Terrence Andrew Davis (West Allis, 15 de dezembro de 1969The Dalles, 11 de agosto de 2018), simplesmente conhecido como Terry A. Davis, foi um programador americano que criou e desenvolveu um sistema operacional inteiro, o TempleOS, por conta própria, façanha que um engenheiro de computadores comparou a um "arranha-céu construído por um homem só".[1][2] Davis também postou horas de vlogs em mídias sociais, e à época de sua morte amealhou um pequeno séquito online. Ele se autoproclamava "o programador mais inteligente que já viveu".[2]

Em sua adolescência, Davis aprendeu linguagem de montagem num Commodore 64. Obteve um mestrado em engenharia elétrica pela Universidade do Estado do Arizona e trabalhou por vários anos na Ticketmaster como um programador de máquinas VAX. A partir de 1996 começou a experienciar surtos psicóticos regularmente, o que o levou a ser internado inúmeras vezes em hospitais psiquiátricos. Inicialmente diagnosticado com transtorno bipolar, foi posteriormente declarado esquizofrênico e permaneceu desempregado pelo resto de sua vida.

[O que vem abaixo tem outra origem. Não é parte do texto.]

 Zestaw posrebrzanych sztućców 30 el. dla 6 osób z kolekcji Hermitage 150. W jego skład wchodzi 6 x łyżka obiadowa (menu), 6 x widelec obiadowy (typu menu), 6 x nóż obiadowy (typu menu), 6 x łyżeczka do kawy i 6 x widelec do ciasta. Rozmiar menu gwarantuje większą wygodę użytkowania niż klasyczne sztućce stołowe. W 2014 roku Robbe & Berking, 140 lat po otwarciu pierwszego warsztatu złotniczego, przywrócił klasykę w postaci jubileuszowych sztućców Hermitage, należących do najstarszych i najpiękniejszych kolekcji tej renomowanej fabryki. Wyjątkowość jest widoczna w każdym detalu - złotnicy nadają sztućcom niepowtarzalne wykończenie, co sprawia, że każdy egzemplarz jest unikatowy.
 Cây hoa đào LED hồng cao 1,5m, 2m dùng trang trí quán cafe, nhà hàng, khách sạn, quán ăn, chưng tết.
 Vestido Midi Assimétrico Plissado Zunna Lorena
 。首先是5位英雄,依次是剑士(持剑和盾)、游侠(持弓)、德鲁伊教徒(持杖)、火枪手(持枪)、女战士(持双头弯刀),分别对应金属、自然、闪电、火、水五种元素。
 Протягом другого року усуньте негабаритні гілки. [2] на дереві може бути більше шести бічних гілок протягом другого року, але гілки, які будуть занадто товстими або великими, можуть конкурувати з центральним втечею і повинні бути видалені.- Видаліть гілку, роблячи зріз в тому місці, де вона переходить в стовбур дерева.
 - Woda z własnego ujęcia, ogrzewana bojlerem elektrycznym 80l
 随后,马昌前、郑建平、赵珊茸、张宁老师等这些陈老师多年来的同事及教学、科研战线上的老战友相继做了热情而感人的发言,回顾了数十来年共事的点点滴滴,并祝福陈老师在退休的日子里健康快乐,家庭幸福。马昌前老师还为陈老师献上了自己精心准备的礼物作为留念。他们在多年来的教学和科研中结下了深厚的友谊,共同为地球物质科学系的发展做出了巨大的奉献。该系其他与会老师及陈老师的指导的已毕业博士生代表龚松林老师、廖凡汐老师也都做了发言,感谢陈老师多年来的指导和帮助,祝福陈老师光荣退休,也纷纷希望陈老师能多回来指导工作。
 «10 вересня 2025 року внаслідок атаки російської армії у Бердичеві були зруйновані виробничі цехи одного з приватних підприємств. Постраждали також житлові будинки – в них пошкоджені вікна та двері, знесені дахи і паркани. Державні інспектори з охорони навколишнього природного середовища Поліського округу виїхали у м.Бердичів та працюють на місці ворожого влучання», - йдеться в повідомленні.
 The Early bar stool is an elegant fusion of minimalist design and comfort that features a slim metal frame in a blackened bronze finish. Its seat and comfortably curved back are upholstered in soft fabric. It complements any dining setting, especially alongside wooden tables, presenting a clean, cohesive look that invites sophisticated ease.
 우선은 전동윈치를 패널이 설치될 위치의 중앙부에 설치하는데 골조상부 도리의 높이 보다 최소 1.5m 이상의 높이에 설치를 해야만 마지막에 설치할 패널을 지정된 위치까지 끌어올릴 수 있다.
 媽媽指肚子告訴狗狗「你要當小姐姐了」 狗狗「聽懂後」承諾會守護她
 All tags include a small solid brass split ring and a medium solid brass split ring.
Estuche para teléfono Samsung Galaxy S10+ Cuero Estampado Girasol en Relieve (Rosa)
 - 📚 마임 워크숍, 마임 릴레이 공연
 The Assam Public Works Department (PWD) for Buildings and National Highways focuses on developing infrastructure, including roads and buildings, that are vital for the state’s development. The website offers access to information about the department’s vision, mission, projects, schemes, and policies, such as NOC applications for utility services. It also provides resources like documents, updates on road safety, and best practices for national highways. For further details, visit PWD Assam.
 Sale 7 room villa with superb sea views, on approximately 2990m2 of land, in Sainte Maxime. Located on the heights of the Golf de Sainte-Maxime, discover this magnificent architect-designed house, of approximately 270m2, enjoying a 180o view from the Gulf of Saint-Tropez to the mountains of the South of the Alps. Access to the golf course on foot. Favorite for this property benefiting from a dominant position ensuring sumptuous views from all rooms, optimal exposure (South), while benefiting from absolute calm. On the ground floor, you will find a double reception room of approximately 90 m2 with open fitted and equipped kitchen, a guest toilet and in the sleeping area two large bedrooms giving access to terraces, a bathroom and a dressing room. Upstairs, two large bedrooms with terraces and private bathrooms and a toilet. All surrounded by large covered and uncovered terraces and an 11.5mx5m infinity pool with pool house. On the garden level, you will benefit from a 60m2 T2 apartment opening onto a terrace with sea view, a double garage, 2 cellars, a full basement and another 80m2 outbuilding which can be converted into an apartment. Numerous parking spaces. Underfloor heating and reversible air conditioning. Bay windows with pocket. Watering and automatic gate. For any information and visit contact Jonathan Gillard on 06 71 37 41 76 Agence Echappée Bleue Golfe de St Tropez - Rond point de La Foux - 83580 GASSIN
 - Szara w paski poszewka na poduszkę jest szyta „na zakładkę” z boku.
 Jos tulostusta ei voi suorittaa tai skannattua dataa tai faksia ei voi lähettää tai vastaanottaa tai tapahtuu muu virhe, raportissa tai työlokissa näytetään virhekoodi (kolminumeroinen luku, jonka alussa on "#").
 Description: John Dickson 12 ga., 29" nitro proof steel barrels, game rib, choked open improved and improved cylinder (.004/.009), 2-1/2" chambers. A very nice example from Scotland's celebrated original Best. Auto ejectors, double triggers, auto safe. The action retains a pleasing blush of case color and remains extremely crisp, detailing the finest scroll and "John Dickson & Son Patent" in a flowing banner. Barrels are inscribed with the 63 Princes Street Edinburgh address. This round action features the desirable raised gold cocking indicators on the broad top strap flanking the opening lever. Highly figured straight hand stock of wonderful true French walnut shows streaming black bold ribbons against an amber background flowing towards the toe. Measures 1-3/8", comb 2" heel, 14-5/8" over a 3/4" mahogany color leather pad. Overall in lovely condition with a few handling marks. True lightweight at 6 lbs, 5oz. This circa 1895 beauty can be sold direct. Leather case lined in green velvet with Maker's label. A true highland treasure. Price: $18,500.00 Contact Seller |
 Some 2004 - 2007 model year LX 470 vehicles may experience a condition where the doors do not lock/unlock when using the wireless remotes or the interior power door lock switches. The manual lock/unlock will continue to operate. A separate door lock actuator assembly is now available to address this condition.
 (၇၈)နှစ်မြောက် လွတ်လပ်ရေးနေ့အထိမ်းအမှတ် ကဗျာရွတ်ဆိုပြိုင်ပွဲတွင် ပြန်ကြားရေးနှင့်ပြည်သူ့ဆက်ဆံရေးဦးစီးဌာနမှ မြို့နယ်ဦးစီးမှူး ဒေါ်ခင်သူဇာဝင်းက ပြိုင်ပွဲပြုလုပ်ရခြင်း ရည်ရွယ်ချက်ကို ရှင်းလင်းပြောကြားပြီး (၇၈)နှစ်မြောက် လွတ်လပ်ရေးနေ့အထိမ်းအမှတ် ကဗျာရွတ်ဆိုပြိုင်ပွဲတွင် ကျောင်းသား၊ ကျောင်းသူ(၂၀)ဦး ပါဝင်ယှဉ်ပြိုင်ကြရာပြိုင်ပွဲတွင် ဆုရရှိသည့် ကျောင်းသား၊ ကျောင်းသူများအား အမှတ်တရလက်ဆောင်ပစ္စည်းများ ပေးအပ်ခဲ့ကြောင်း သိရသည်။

Davis foi criado católico antes de converter-se ao ateísmo. Após passar por uma revelação, alegou estar em comunicação direta com Deus e que Deus lhe mandara construir um sucessor do Segundo Templo. Davis então passou os próximos 12 anos de sua vida desenvolvendo um sistema operacional modelado tendo em vista as interfaces embasadas no DOS de sua juventude, inicialmente chamando-o de "J Operating System" e mais tarde de "LoseThos". Em 2013, Davis anunciou que concluíra o projeto, agora chamado de "TempleOS"; seguindo seu lançamento, recebeu críticas majoritariamente positivas.

Na Internet, frequentemente se comunicava por intermédio de blocos de texto gerados aleatoriamente e declarações fora de contexto sobre Deus, o que o levou a ser banido de vários fóruns. Também era controverso por seu frequente uso de expressões racistas e homofóbicas. Durante seus últimos dias, estava vivendo em situação de rua e passou por períodos de encarceramento. Em 2018, enquanto caminhava por trilhos ferroviários, foi atropelado por um trem, morrendo aos 48 anos de idade. Desconhece-se se sua morte foi acidental ou um suicídio.

Infância, carreira e doença[editar | editar código-fonte]

Davis com seus pais em meados de 1994

Terrence Andrew Davis nasceu em West Allis, Wisconsin, mais tarde se mudando para Washington, Michigan, Califórnia e Arizona. O sétimo de oito irmãos, seu pai era um engenheiro industrial. Quando criança, Davis ganhou um Apple II e veio a aprender linguagem de montagem num Commodore 64. Obteve um mestrado em engenharia elétrica pela Universidade do Estado do Arizona em 1994 e trabalhou por vários anos na Ticketmaster[3] programando máquinas VAX.[4] Comentando sobre sua formação, escreveu em 2011: "Todos sabem que a engenharia elétrica é mais alta que a ciência da computação no escalão das engenharias porque precisa de matemática de verdade ;-) Eu sou um cientista de foguetes, mas não sou muito bom nisso".[5]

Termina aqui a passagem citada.